══ DATA TO PROCESS

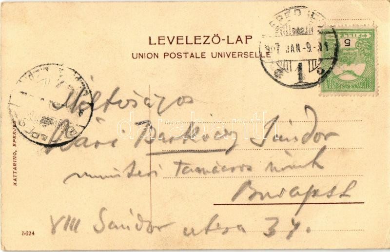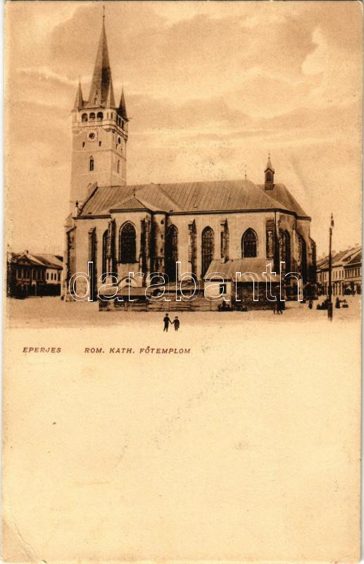 1907 Eperjes, Presov; Római katolikus főtemplom, piac. Báró Barkóczy Sándor (1857-1925) miniszteri tanácsos, császári és királyi kamarásnak címezve. Kattarino kiadása / Catholic church, market (EB)
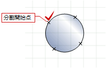 - 「塗り」メニューで入力した円の場合、参照要素を指定した後、分割開始点を指定します。
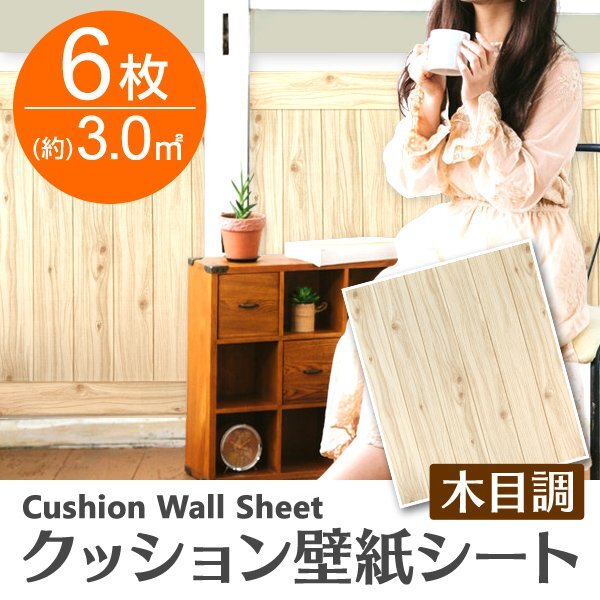 > 【ナチュラル/6枚】木目調 クッションシート 約70×60cm 貼るだけ簡単 壁紙シール おしゃれ DIY クッション ブリック ウォールステッカー
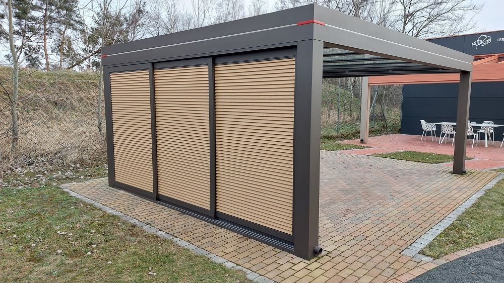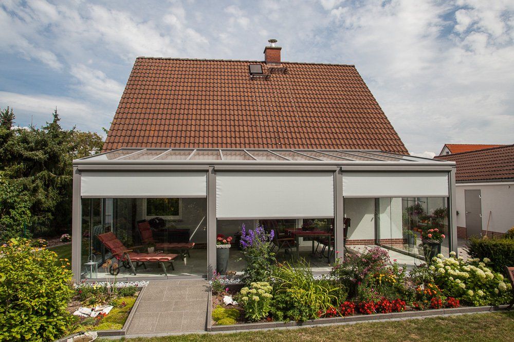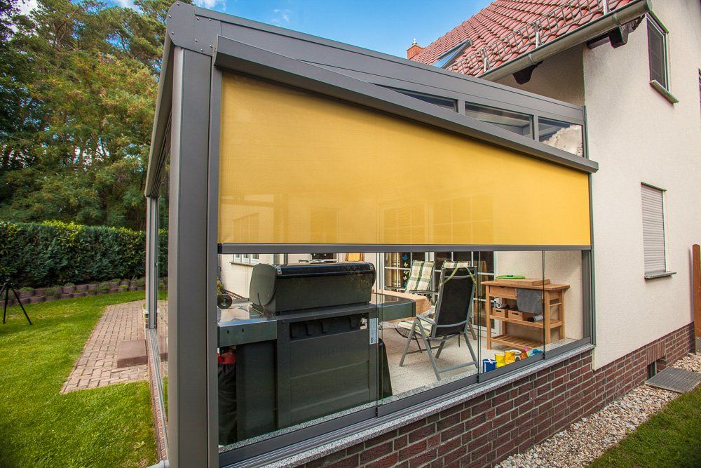 Unter der Rinne und in den Giebelelementen lassen sich Zip-Senkrechtmarkisen integrieren - optisch wie aus einem Guss.
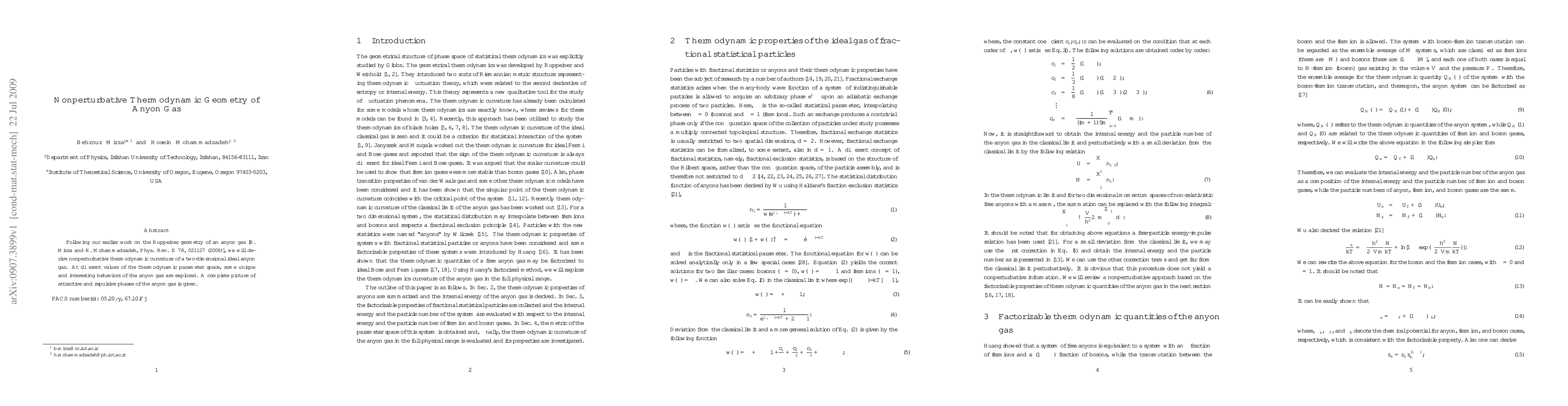 The paper derives nonperturbative thermodynamic curvature for a two-dimensional ideal anyon gas, exploring unique behaviors at various thermodynamic parameter values and presenting a comprehensive view of both attractive and repulsive phases.
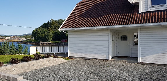 Leiligheten ligger i et rolig området med kort avstand til sentrum. Leiligheten har parkettgulv i primær rom - flisgulv (med varmekabler) i entre og bad. Leiligheten har hvitevarer som oppvaskmaskin, vaskemaskin, kombiskap kjøl/frys, komfyr. Leiligheten ligger helt nede ved sjøen i en egen enhet (garasje) og disponerer en egen liten terrasse samt egen parkeringsplass til 1 bil.
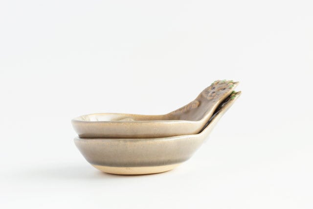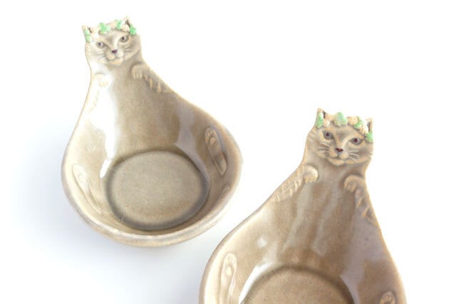 パールストーングレー 花冠をした猫のおしゃもじ皿(貫入/釉ヒビあり) 陶器 よしざわ窯

════

The output must match the records word for word, except that no pictures appear.

 1907 Eperjes, Presov; Római katolikus főtemplom, piac. Báró Barkóczy Sándor (1857-1925) miniszteri tanácsos, császári és királyi kamarásnak címezve. Kattarino kiadása / Catholic church, market (EB)
 - 「塗り」メニューで入力した円の場合、参照要素を指定した後、分割開始点を指定します。
 > 【ナチュラル/6枚】木目調 クッションシート 約70×60cm 貼るだけ簡単 壁紙シール おしゃれ DIY クッション ブリック ウォールステッカー
 Unter der Rinne und in den Giebelelementen lassen sich Zip-Senkrechtmarkisen integrieren - optisch wie aus einem Guss.
 The paper derives nonperturbative thermodynamic curvature for a two-dimensional ideal anyon gas, exploring unique behaviors at various thermodynamic parameter values and presenting a comprehensive view of both attractive and repulsive phases.
 Leiligheten ligger i et rolig området med kort avstand til sentrum. Leiligheten har parkettgulv i primær rom - flisgulv (med varmekabler) i entre og bad. Leiligheten har hvitevarer som oppvaskmaskin, vaskemaskin, kombiskap kjøl/frys, komfyr. Leiligheten ligger helt nede ved sjøen i en egen enhet (garasje) og disponerer en egen liten terrasse samt egen parkeringsplass til 1 bil.
 パールストーングレー 花冠をした猫のおしゃもじ皿(貫入/釉ヒビあり) 陶器 よしざわ窯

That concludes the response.